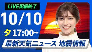 スポンサーリンク 【ライブ】最新天気ニュース・地震情報2024年10月10日(木)/晴れのエリアが拡大〈ウェザーニュースLiVEイブニング・岡本 結子リサ/宇野沢 達也〉 2024/10/10 ニュース スポンサーリンク 【明日の天気に関する情報】 お天気アプリ「ウェザーニュース」からも随時最新情報をお伝えしています …
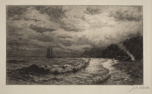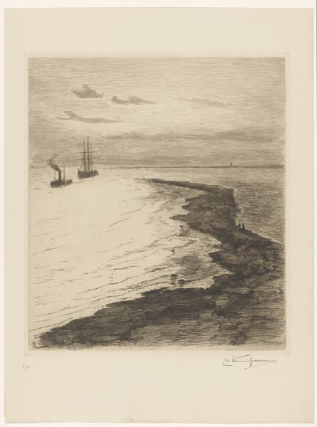 Curator: Looking at Carel Nicolaas Storm van 's-Gravesande’s “Schepen in de branding,” or "Ships in the Surf," created between 1887 and 1889, it’s hard not to immediately feel the power of nature. Editor: It’s very grey, isn't it? A turbulent sky and crashing waves dominate the composition, conveying a sense of foreboding, almost melancholy, despite the impressionistic style. I wonder about the process here. Curator: Storm van 's-Gravesande was deeply influenced by the Hague School and this etching reflects their interest in depicting everyday scenes, often emphasizing the relationship between humanity and its environment. Notice how the small ships appear fragile against the immensity of the sea. He presented often through the Hague Art Circle. Editor: Etching as a medium really lends itself to this subject matter. I imagine the artist carefully controlling the acid to achieve those nuanced shades of gray. What kind of press did he use? Did he print these himself? It is fascinating to think about the artist as both creator and producer. Was he influenced by developments in printmaking at the time? Curator: Absolutely. The late 19th century saw a boom in printmaking. Artists were experimenting and engaging with these techniques, though they also were still exhibiting paintings and participating in established salons, or becoming members in artist’s societies like Arti et Amicitiae. Prints allowed wider access to art, reaching new audiences, especially in burgeoning industrial cities. It was key to creating visibility for new trends in art. Editor: Yes, that's fascinating to me! We consider mass production, distribution, access and the very economics of art and culture. And the materiality, how the quality of paper impacts the impression of the scene itself… Curator: The etching perfectly captures the fleeting atmosphere, so characteristic of impressionism and landscape painting, though I think knowing that printmaking techniques can echo industrial manufacturing processes makes it extra poignant. Editor: I agree. These textures and light draw you in and suddenly make you consider how the image was made and for whom. Curator: Reflecting on "Schepen in de branding", one sees art's enduring dialogue with nature and technology, shaped by social trends. Editor: For me, it highlights how printmaking offers an insightful lens to understand not only artistic skill, but production and consumption and society.
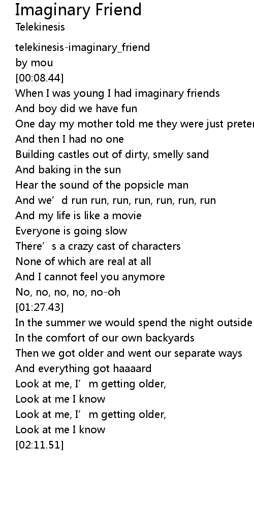 | [00:02.44] | telekinesisimaginary_friend |
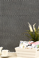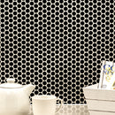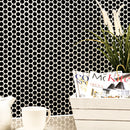 MSI's Penny Round Nero Glazed Porcelain Mosaic Tiles are retro with a refreshing modern edge. It comes in 12.5" x 13.38" Mesh. Their timeless shape and bright black color make them exceedingly versatile - complementing traditional to contemporary design styles. Pair them with large format porcelain tiles for a style-savvy cohesive look or use them alone to add detail and interest to residential floors, walls, counters or backsplashes. The choice is yours and the possibilities are endless. Incredibly durable and easy to care for, this high sheen tile is also recommended for some light commercial and heavy commercial applications, including walls and backsplash. Tiles are prearranged on mesh-backed sheets for simplified installation.
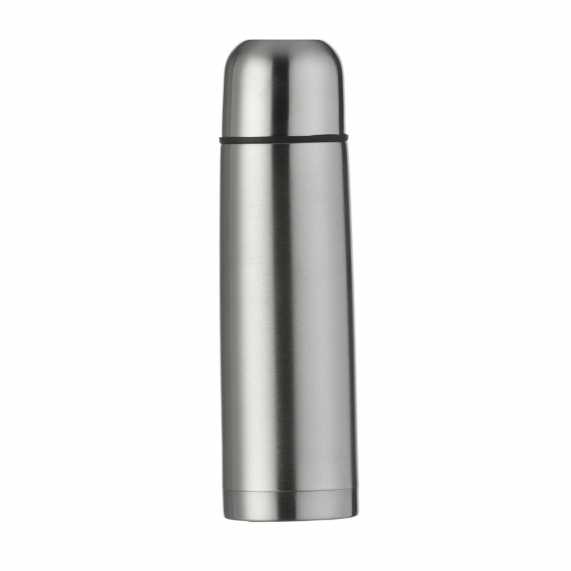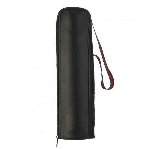 Garrafa térmica 500ml em inox com tampa rosqueável, tampa interna em plástico resistente(basta um clique para abrir ou fechar). Acompanha capa protetora de couro sintético com alça de nylon.

◆ Aim of the exercise: Where the data contains an image, skip the image and copy everything else exactly as it appears.

◆ Your solution:
 スポンサーリンク 【ライブ】最新天気ニュース・地震情報2024年10月10日(木)/晴れのエリアが拡大〈ウェザーニュースLiVEイブニング・岡本 結子リサ/宇野沢 達也〉 2024/10/10 ニュース スポンサーリンク 【明日の天気に関する情報】 お天気アプリ「ウェザーニュース」からも随時最新情報をお伝えしています …
 Curator: Looking at Carel Nicolaas Storm van 's-Gravesande’s “Schepen in de branding,” or "Ships in the Surf," created between 1887 and 1889, it’s hard not to immediately feel the power of nature. Editor: It’s very grey, isn't it? A turbulent sky and crashing waves dominate the composition, conveying a sense of foreboding, almost melancholy, despite the impressionistic style. I wonder about the process here. Curator: Storm van 's-Gravesande was deeply influenced by the Hague School and this etching reflects their interest in depicting everyday scenes, often emphasizing the relationship between humanity and its environment. Notice how the small ships appear fragile against the immensity of the sea. He presented often through the Hague Art Circle. Editor: Etching as a medium really lends itself to this subject matter. I imagine the artist carefully controlling the acid to achieve those nuanced shades of gray. What kind of press did he use? Did he print these himself? It is fascinating to think about the artist as both creator and producer. Was he influenced by developments in printmaking at the time? Curator: Absolutely. The late 19th century saw a boom in printmaking. Artists were experimenting and engaging with these techniques, though they also were still exhibiting paintings and participating in established salons, or becoming members in artist’s societies like Arti et Amicitiae. Prints allowed wider access to art, reaching new audiences, especially in burgeoning industrial cities. It was key to creating visibility for new trends in art. Editor: Yes, that's fascinating to me! We consider mass production, distribution, access and the very economics of art and culture. And the materiality, how the quality of paper impacts the impression of the scene itself… Curator: The etching perfectly captures the fleeting atmosphere, so characteristic of impressionism and landscape painting, though I think knowing that printmaking techniques can echo industrial manufacturing processes makes it extra poignant. Editor: I agree. These textures and light draw you in and suddenly make you consider how the image was made and for whom. Curator: Reflecting on "Schepen in de branding", one sees art's enduring dialogue with nature and technology, shaped by social trends. Editor: For me, it highlights how printmaking offers an insightful lens to understand not only artistic skill, but production and consumption and society.
 | [00:02.44] | telekinesisimaginary_friend |
 MSI's Penny Round Nero Glazed Porcelain Mosaic Tiles are retro with a refreshing modern edge. It comes in 12.5" x 13.38" Mesh. Their timeless shape and bright black color make them exceedingly versatile - complementing traditional to contemporary design styles. Pair them with large format porcelain tiles for a style-savvy cohesive look or use them alone to add detail and interest to residential floors, walls, counters or backsplashes. The choice is yours and the possibilities are endless. Incredibly durable and easy to care for, this high sheen tile is also recommended for some light commercial and heavy commercial applications, including walls and backsplash. Tiles are prearranged on mesh-backed sheets for simplified installation.
 Garrafa térmica 500ml em inox com tampa rosqueável, tampa interna em plástico resistente(basta um clique para abrir ou fechar). Acompanha capa protetora de couro sintético com alça de nylon.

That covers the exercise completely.